Идущий
Шрифт:
Между тем к делу подключился Зург, и всё стало известно Флеку. Его ожидали с минуты на минуту. Гурин к этому моменту исследовал стены камеры, убедился, что нет никаких следов физического бегства, и в задумчивости покинул камеру.
Куда же исчез мальчик? Не растворился же он подобно герою самых нелепых слухов о талхах?
Время от времени поступали сообщения, что тот или иной участок Клунса зачищен, но следов мальчика по–прежнему нет. Наконец, появился Флек. Он приблизился неслышной поступью, и один из гвардейцев вздрогнул. Флек вопросительно глянул на Толга, перевёл взгляд на Гурина,
Заговорил Толг. В устах этого прагматика бегство мальчика показалось Гурину не таким уж ирреальным.
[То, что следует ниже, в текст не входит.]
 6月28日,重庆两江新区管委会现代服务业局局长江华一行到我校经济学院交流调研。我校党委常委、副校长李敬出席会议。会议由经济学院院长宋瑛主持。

В конце концов, мальчишка не простой, Флек сам говорил об этом.
Когда Толг замолчал, Гурин осторожно добавил:
— Флек, я верю своим солдатам, они не проспали, не отлучались и, тем более, не выпустили мальчика по первой его просьбе. Ребёнок действительно… совершил что–то… Совершил чудо.
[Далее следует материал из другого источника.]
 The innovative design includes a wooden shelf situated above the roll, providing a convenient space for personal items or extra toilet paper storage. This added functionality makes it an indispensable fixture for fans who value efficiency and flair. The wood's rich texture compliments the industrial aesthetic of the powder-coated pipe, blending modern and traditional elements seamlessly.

К удивлению Гурина Флек не сообщил, что их ждёт, если мальчишку не найдут в ближайшее время, не сказал, что Гурин, выгораживающий своих мерзавцев, годных разве что на охрану овец, рискует получить самую жестокую кару из всех четверых. Гурин ожидал чего–то подобного, но этого не произошло.
Флек всего лишь кивнул. Просто кивнул, как если бы речь шла о естественных вещах.
Затем он вошёл в камеру, прошёлся по её жалкому периметру, осмотрелся и вернулся назад. Минуту он смотрел сквозь прутья, как будто изучая дальнюю стену, потом посмотрел на Толга.
— Что за этой стеной? — спросил Флек.
— Такая же камера, — отозвался главный надсмотрщик. — Соседний сектор. Если не ошибаюсь, там пусто, а вот в соседней камере сидит сын барона Дензеля. Он…
Толг запнулся. До него дошёл смысл вопроса. Он неверяще глянул Флеку в глаза.
— Неужели мальчишка… — Толг подобрался, оглянулся и вскричал. — Всем к камере N 249! Быстро!
Флек посмотрел на Гурина, тот ничего не понимал.
— Нам с тобой тоже не помешает сходить туда, — заметил Флек. — Сейчас.
Они перемещались беспокойными широкими шагами, и Гурин с удивлением обнаружил, что его колотит. Он поглядывал на Флека, стараясь, чтобы тот ничего не заметил, и спрашивал себя, неужели мальчишка прошёл сквозь стену? Мальчишка десяти лет от роду! Он не являлся талхом, прошедшим суровые тренировки длиной в долгие годы. Впрочем, Гурин не верил слухам, что среди талхов вообще есть такие люди, даже в верхушке Ордена.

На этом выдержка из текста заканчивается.